Glennon told the tribunal she was hired by the restaurant as a counter assistant because, being Irish and a native English speaker, she was able to communicate with the customers. All the other staff were non-Irish nationals.
Glennon said after she took a successful claim to the Rights Commissioner for holiday pay, a director of the restaurant – a Ms M – took her aside and told her "not to speak to the non-Irish nationals about their legal entitlements".
A week later, Glennon was sacked after the restaurant told her there was no work for her to do.
But Glennon told the tribunal she subsequently learned the restaurant had hired a Chinese national. Meanwhile, a former colleague in the restaurant, an eastern European national, took over her duties at the counter.

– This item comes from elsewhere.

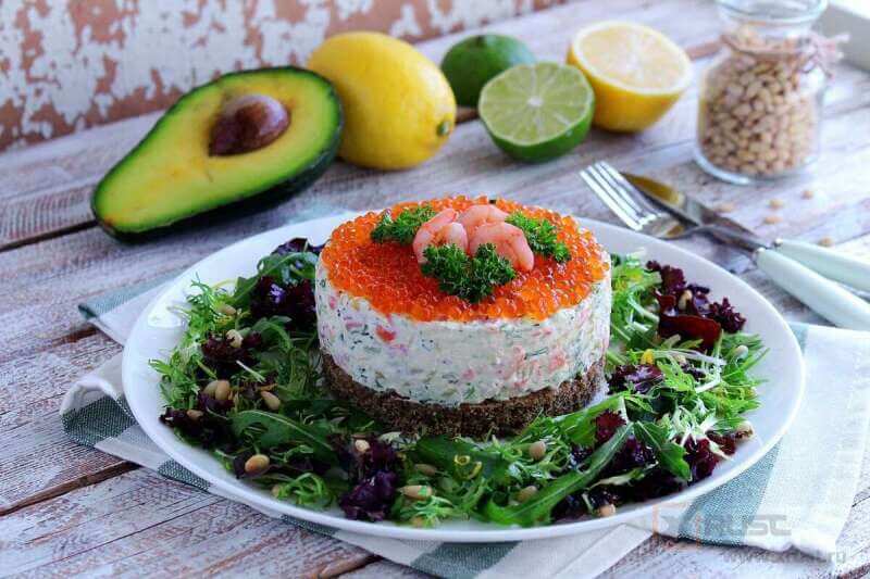 - Финальный акцент: Украсить салат лососевой икрой и зеленым луком.

Equality officer Stephen Bonnlander said he found Glennon to be "a credible witness".
Bonnlander also noted the evidence presented by the restaurant's liquidators (the restaurant has since been put into liquidation) backed up Glennon's claim that she was replaced by a Chinese national.
"I am satisfied that the facts she [Glennon] has stated in evidence – her successful complaint to the Rights Commissioner, being asked not to inform her colleagues about their entitlements, and her dismissal shortly thereafter, together with the fact that the respondent hired a Chinese national on a full-time basis at the same time and deployed a [foreign] national worker to her former counter duties – gave rise to an inference that the complainant was indeed dismissed because she was Irish and in possession of the language skills and able to stand over her rights successfully," said Bonnlander.
A few weeks after she was sacked Glennon returned to the restaurant as a customer but was refused entry. She claimed this amounted to victimisation for taking the case to the tribunal.
The equality officer agreed and specified €1,000 of the €6,000 award was for victimisation.